After Elon's Mars schedule announcement, I was wondering about this (I don't know if this has been discussed before, I presume so but perhaps not in this specific context) :

A way to speed up the development of the first manned Mars mission (to keep up with the aggressive 2024/5 schedule) would be to bring molecular H to the Martian surface (which could also serve as a radiation shield on the way there). If the BFS must have a dV capacity of 6 km/s and has a dry mass of 200 tons, it will need about 800 tons of fuel for the return journey. Since only about 5% of a stochiometric Methane/LOX fuel is hydrogen, they could bring down about 40 tons of molecular H with each BFS, well within its payload capacity (of 100 tons). Even if we add a few percent of that for the mass of the tank, this is still very feasible.

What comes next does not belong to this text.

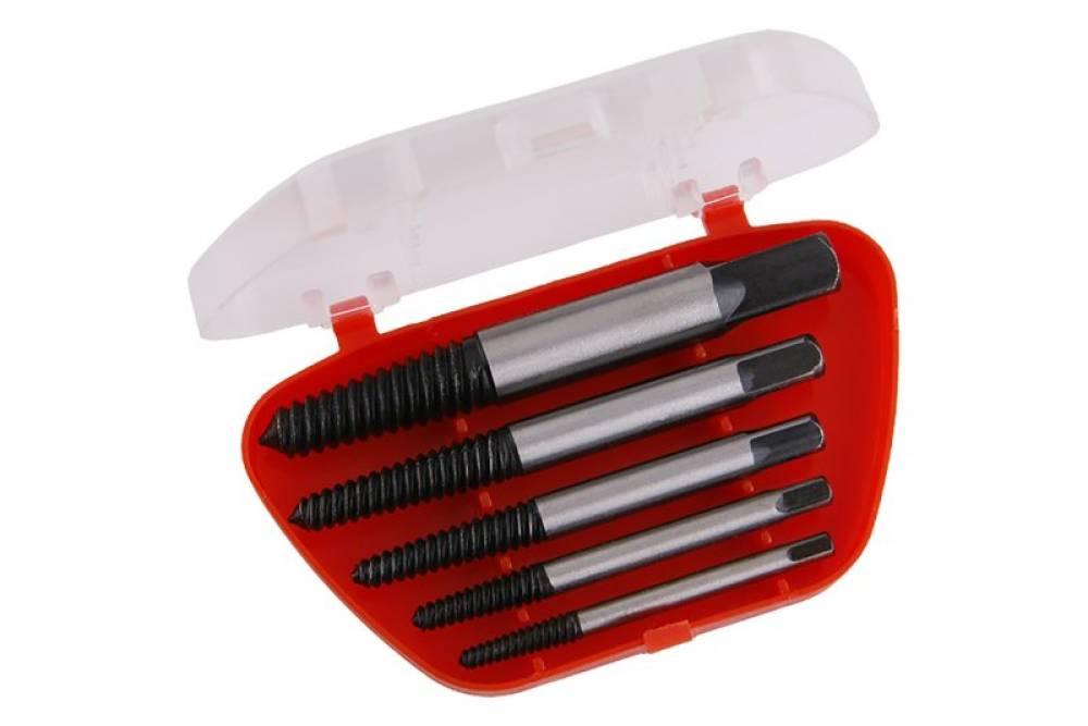 5-dielna sada vyťahovákov skrutiek pre hobby použitie, použitia: na vyťahovanie zlomených a zalomených skrutiek, závitových tyčí ...., nutné predvŕtanie, vďaka opačnej skrutkovici postupným zavŕtaním do otvoru dôjde k vyskrutkovaniu popr vytočeniu zalomeného dielu, rozmery: Ø 4, 4.5, 6, 7.5, 11 mm, praktický plastový box pre uloženie.

All that the first SpaceX astronauts would then have to do after landing is react the H with the atmospheric CO2 in the Sabatier reaction - this could virtually been done without any human supervision or involvement. This is also a much simpler and cleaner (and less energy intensive) process than having the crew looking for water ice, digging it out, cleaning it, testing it for any potential chemical agents (e.g., peroxides, salts, etc.) and removing them before electrolysis, etc. This is also a technology that 1) is already in development and 2) would be reasonably easy to demonstrate with a precursor Red Dragon mission. The same cannot be said of actively digging for water ice on Mars.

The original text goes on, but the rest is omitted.